Required work: An exact reprint of the listing is required, with no pictures included.

Data segment:
[Start of Attachment]

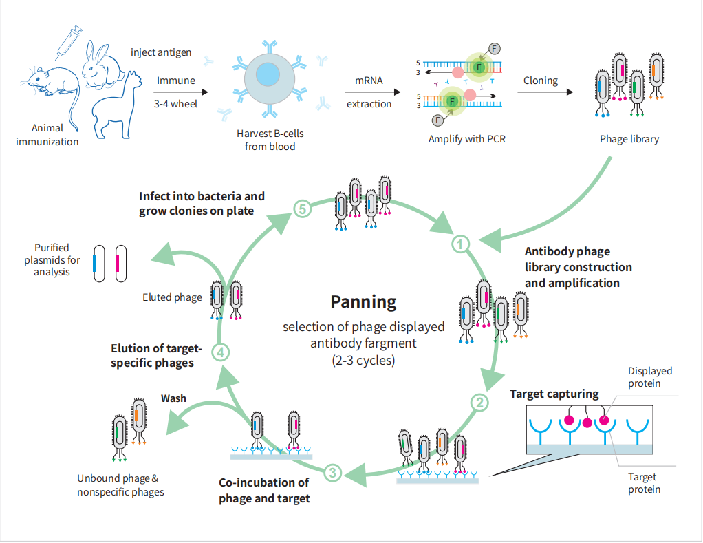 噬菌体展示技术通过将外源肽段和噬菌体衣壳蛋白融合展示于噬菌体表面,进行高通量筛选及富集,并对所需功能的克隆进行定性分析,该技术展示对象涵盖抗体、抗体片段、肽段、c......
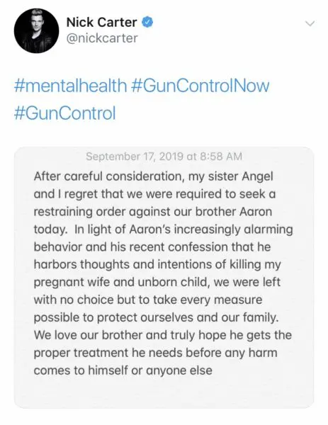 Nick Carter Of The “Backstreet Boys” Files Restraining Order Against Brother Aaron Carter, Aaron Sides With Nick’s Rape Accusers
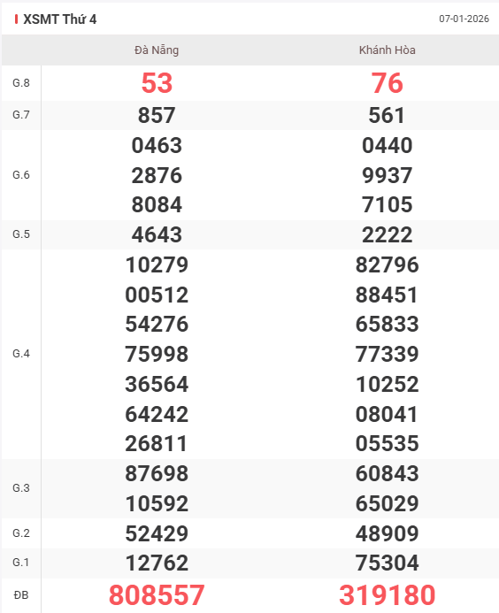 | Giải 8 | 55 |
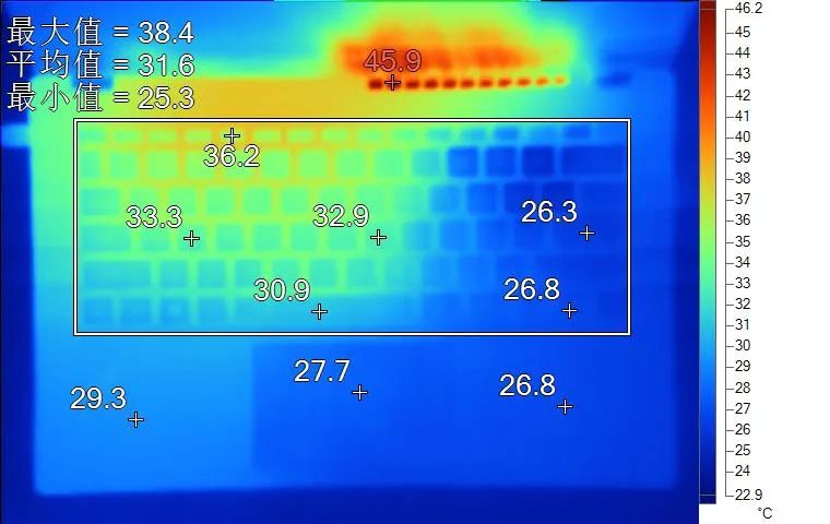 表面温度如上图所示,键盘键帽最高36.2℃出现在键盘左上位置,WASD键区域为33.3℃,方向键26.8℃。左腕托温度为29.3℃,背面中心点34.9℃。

[End of Attachment]

Response to this exercise:
 噬菌体展示技术通过将外源肽段和噬菌体衣壳蛋白融合展示于噬菌体表面,进行高通量筛选及富集,并对所需功能的克隆进行定性分析,该技术展示对象涵盖抗体、抗体片段、肽段、c......
 Nick Carter Of The “Backstreet Boys” Files Restraining Order Against Brother Aaron Carter, Aaron Sides With Nick’s Rape Accusers
 | Giải 8 | 55 |
 表面温度如上图所示,键盘键帽最高36.2℃出现在键盘左上位置,WASD键区域为33.3℃,方向键26.8℃。左腕托温度为29.3℃,背面中心点34.9℃。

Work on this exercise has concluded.